Question 26.16: If the thin-walled composite beam of Example 26.15 is subjec......
If the thin-walled composite beam of Example 26.15 is subjected to a bending moment of 0.5 kNm applied in a horizontal plane, calculate the maximum value of direct stress in the beam section.

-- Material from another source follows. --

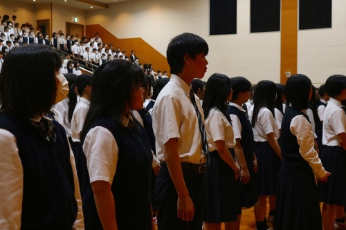 7月17日(水)2・3年生は講堂に集まり、1年生は各教室での映像配信を通して、令和6年度1学期の終業式を行いました。終業にあたって、校長先生から話がありました。各HRでは担任から通知表が渡されました。
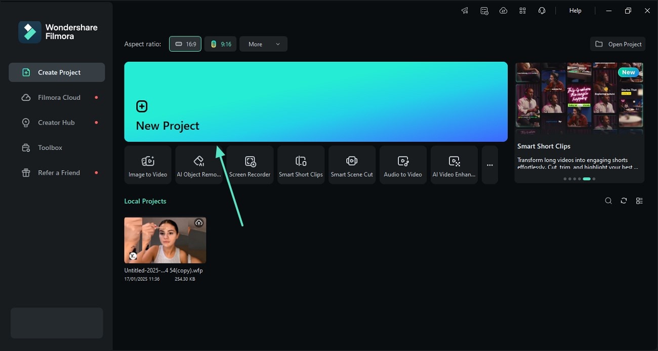 - Step 1. Import a Video to Start the Process. To start, open Filmora on your desktop and select the "New Project" button to "Import" a video from your device.

The second moments of area are, from Ex. 26.15,
\begin{array}{l c r}{{I_{X X}^{\prime}=2.63\times10^{10}\mathrm{Nmm^{2}}}}\\ {{I_{Y Y}^{\prime}=0.83\times10^{10}\mathrm{Nmm^{2}}}}\\ {{I_{X Y}^{\prime}=1.25\times10^{10}\mathrm{Nmm^{2}}}}\end{array}Also M_{X}=0\mathrm{~and~}M_{Y}=0.5\mathrm{~kNm} so that Eq. (26.68) becomes
\sigma_{Z}=E_{Z,i}\Biggl[\left({\frac{M_{Y}I_{X X}^{\prime}-M_{X}I_{X Y}^{\prime}}{I_{X X}^{\prime}I_{Y Y}^{\prime}-I_{X Y}^{\prime 2}}}\right)X+\left({\frac{M_{X}I_{Y Y}^{\prime}-M_{Y}I_{X Y}^{\prime}}{I_{X X}^{\prime}I_{Y Y}^{\prime}-I_{~X Y}^{\prime 2}}}\right)Y\Biggr] (26.68)
\sigma_{z}=E_{z,i}\left(2.12\times10^{-4}\,X-1.01\times10^{-4}\,Y\right) (i)

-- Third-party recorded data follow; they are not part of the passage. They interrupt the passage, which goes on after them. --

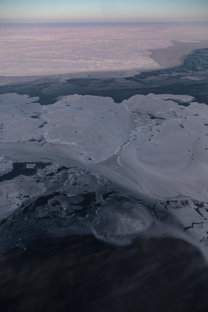 On April 6, researchers flew from Svalbard and surveyed sea ice atop the eastern Arctic Ocean. Below are a few of Harbeck’s favorite photographs from that flight, highlighting the variability of sea ice.
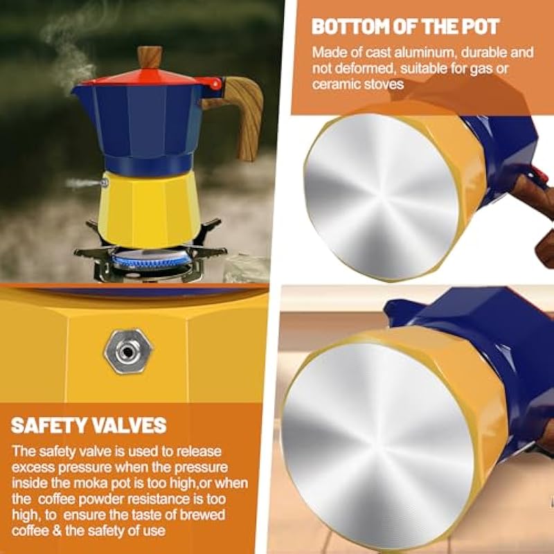 - How to Prepare the Coffee: When you use it for the first time, the coffee pot may emit an unpleasant smell, please don’t worry too much, this is a normal situation. Pls add tea, oranges, detergent, or other items to remove odor and wash several times before use. Can be used on gas or ceramic stove tops, allows you to create and enjoy the best-tasting coffee with utmost ease. Classic Italian style design ensures even heat distribution for rich, velvety coffee flavor and aroma
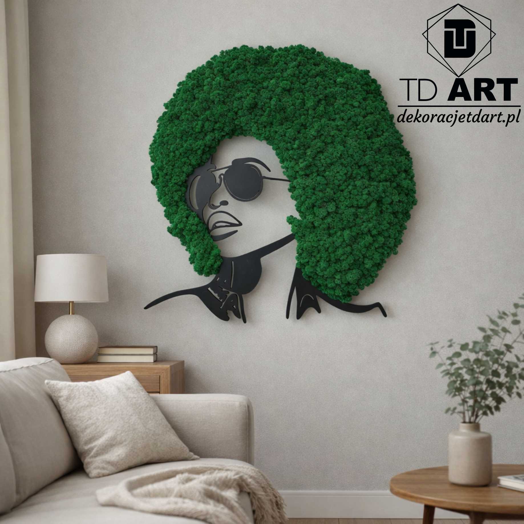 dekoracje ścienne o kobiety| kobieta | afro włosy | żywy obraz| mech chrobotek
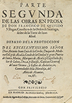 .1729 y 1658.. LIBRO: .(LITERATURA).. .QUEVEDO Y VILLEGAS, FRANCISCO DE:. .OBRAS.. Madrid: Pedro Joseph Alonso de Padilla, 1729. 8º mayor. Primera parte: 5 h. + 608 p. Texto a dos columnas Papel muy tostado. Algunos errores de paginación pero texto completo, portadilla remontada. Enc. en pergamino de época, suelto, con faltas y roturas. [Más:] .PARTE SEGUNDA DE LAS OBRAS EN PROSA DE... .Madrid: Melchor Sánchez, 1658. 8º mayor. 2 h. + 631 p. Texto a línea tirada. Papel tostado. Enc. en pergamino de época, semidesprendido y algo mareado. Primera y segunda parte de las obras completas de Quevedo, presentadas juntas pero de ediciones diferentes. Palau 243590 (para la primera parte) y 243573 (para la segunda parte) y CCPB 117947-0 (parte primera) y 41550-2 (para la segunda parte).

On the top flange, E_{z,I}=50~{\mathrm{000~N/mm}}^{2}~{\mathrm{and~}}Y=50~{\mathrm{mm}}. Then, from Eq. (i),
\sigma_{z}=10.6\,X-252.5so that at 1 where X=50 mm,
\sigma_{z,1}=277.5\,\mathrm{N/mm^{2}}and at 2 where X=0,
\sigma_{z,2}=-252.5\,\mathrm{N/mm^{2}}In the web E_{z,i}=15\ 000\ \mathrm{N/mm^{2}~a n d}\ X=0. Then
\sigma_{z}=-1.52\,YAt 2,
\sigma_{z,2}=-1.52\times50=-76.0\,\mathrm{N/mm^{2}}The maximum direct stress is therefore 277.5 N/mm² and occurs at point 1.